O bordão adotado pelo apresentador do UFC Bruce Buffer na hora das lutas e utilizado como intertítulo logo acima cabe como uma luva para falar sobre o momento desse esporte e das marcas que começaram a investir nele.
A justificativa, inclusive, está na ponta da língua do manager de atletas, Bruno Mendonça: "isso se deve, sobretudo, ao perfil do público que consome este esporte. As marcas se interessaram em associar seu nome pela possibilidade de se relacionar com o consumidor do UFC, seja através de ações pontuais, ativações in loco, ou somente pela exposição que a competição gera. Se existe consumidor potencial acompanhando lutas de MMA, então, este esporte é uma ferramenta interessante".
Dentro dessa linha, as expectativas apontam para um crescente investimento nesta modalidade. De acordo com recente pesquisa da Deloitte, a taxa de crescimento de adeptos e fãs do esporte, que há alguns anos era praticamente desconhecido no Brasil, já o transformou no 8º esporte favorito entre os brasileiros. O resultado é a valorização em termos econômicos e a atração de consumidores e novos patrocínios.

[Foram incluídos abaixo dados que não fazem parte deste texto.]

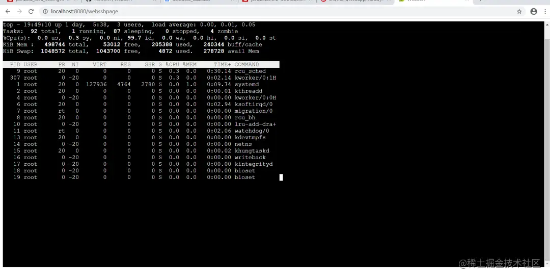 最终测试,页面就是下面这个样子:可以看到页面已经出现了类似与shell的样式,那就根据这个继续深入,实现一个webssh。

E atualmente não faltam marcas buscando seu espaço nesse território. Há patrocínios de empresas de materiais esportivos, montadoras de automóveis, redes fast food, laboratórios de tecnologia e até de livraria. A Burger King, por exemplo, fez uma campanha com o Anderson Silva desmistificando o mito dos lutadores terem que ser sempre valentões e maus. A Ford aproveitou o mesmo atleta e a atriz Deborah Secco para propagandas da sua linha Fiesta RoCam.
Já no primeiro UFC Rio, realizado em agosto de 2011, a emissora RedeTV!, que transmitiu a luta, comercializou cotas com Gillette (P&G), Cachaça 51, Betboo e Integralmédica. Até tradicionais times de futebol estão investindo no universo do UFC, como o Corinthians e o Flamengo. Inclusive, o time paulista já lançou uma linha de produtos ligada à modalidade.
Para a professora Clarisse Setyon, coordenadora do curso Gestão do Entretenimento na pós-graduação da ESPM, "se o público-alvo de uma marca está assistindo MMA, a empresa tem que estar com ele. Porque não temos mais o consumidor sentado atrás da televisão esperando comerciais para tomar uma decisão de compras".
Clarisse fala que a visibilidade do esporte desperta o interesse até em públicos indesejáveis. "Outro dia estive em uma loja de suplementos alimentares e eles estavam vendendo uma coleção enorme de camisetas dessas que os lutadores se apresentam na entrada do ringue. E hoje, o maior problema da loja é o roubo dessas camisetas. Os ladrões não querem mais os suplementos nutricionais e sim as camisas do MMA", relata a professora.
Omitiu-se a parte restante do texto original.